2

From electric field of a point charge: $$ \vec{E} = \frac{k Q \vec{r}}{\gamma^{2}r^3(1-\beta^2sin^2\theta)^{\frac{3}{2}}}, \vec{B} = \frac{\vec{u} \times \vec{E}}{c^2} $$ taking curl of B gives $$ \nabla \times B = {\mu_0J}$$ Taking divergence of above gives $$ \nabla . J = \frac{\nabla .(\nabla \times B)}{\mu_0} =0 = -\frac{\partial q}{\partial t} $$ which implies stationary charge distribution despite the point charge being in motion. Expressions for E and B derived using special relativity where the charge Q moves across space with constant velocity to inertial observer. So why exactly does the expressions for E and B for moving field fail?

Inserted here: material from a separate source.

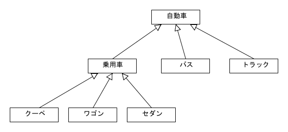 のような図を考えることができる。これも階層構造をあらわしているが、エンジンがガソリンエンジンとディーゼルエンジンの2つの部分から構成されているというわけではなく、エンジンにはガソリンエンジンとディーゼルエンジンの2種類があることを表す。言い換えれば、ガソリンエンジンとディーゼルエンジンは両方ともエンジンである、ということを意味する。

I have found answers on this post claim it is due to not considering speed of light limit but assuming we let enough time for the charge in its rest frame to produce electric field in all of its space, it doesn't seem to be a factor since we only need to lorentz transform four force experienced in charge's rest frame to get above same equation for E and B, where the charge will be in motion. Other answer on the same post attribute the error to lack of consideration of charge conservation which if we let q in its rest frame be constant (avoids need to re-consider speed of light limit) would also be constant in inertial frame where the charge is moving, by invariance of charge (already assumed for the derivation of above equations).

Qmechanic
  • 201,751
372191
  • 27

3 Answers3

2

$\nabla\times{\bf B=\nabla\times(u\times E)=u(\nabla\cdot E)-(u\cdot\nabla)E}$. $\quad{\bf\nabla\cdot E}$ leads to a delta function, not zero.

Jerrold Franklin
  • 1,748
  • He's not saying it's zero he's saying it's divergence is zero. – jensen paull Jul 08 '22 at 16:09
  • The divergence of a delta function is singular, and not zero. – Jerrold Franklin Jul 08 '22 at 16:14
  • This is a good answer but incomplete. You could complete it noting that \begin{equation} \boldsymbol{\nabla\cdot}\mathbf E=\dfrac{\rho}{\epsilon_0}=\dfrac{q\delta\left(\mathbf r-\mathbf r_q\right)}{\epsilon_0} \tag{a01}\label{a01} \end{equation} where $\mathbf r_q$ the position vector of the charge $q$. So \begin{equation} \dfrac{\mathbf u\left(\boldsymbol{\nabla\cdot}\mathbf E\right)}{c^2}=\dfrac{q,\mathbf u,\delta\left(\mathbf r-\mathbf r_q\right)}{c^2\epsilon_0}=\mu_0 \mathbf j \tag{a02}\label{a02} \end{equation} – Frobenius Jul 08 '22 at 22:30
  • ....where \begin{equation} \mathbf j=q,\mathbf u,\delta\left(\mathbf r-\mathbf r_q\right) \tag{a03}\label{a03} \end{equation} – Frobenius Jul 08 '22 at 22:30
  • It remains to prove that \begin{equation} -\left(\mathbf u\boldsymbol{\cdot\nabla}\right)\mathbf E=\dfrac{\partial \mathbf E}{\partial t} \tag{a04}\label{a04} \end{equation} – Frobenius Jul 08 '22 at 22:37
  • 1
    @Frobenius From: $$ \frac {dE}{dt}= \frac {\partial E}{\partial t}+\frac {\partial E}{\partial x}\frac {dx}{dt}+\frac {\partial E}{\partial y}\frac {dy}{dt}+\frac {\partial E}{\partial z}\frac {dz}{dt} $$ if taken in direction of $(x+u_x dt,y+u_y dt,z+u_z dt,t+dt)$ for r wont change since the source charge will also move the same amount and neither will v of source at new location (assumption of constant speed for formula). Hence equating the LHS to 0 as E is also only a function of those two, we get the above. – 372191 Jul 10 '22 at 20:43
  • @N1N74 : Well done !!! Very nice proof. – Frobenius Jul 10 '22 at 21:16
1

Taking the curl of the B field for the field of a moving charge yields ampere maxwell law.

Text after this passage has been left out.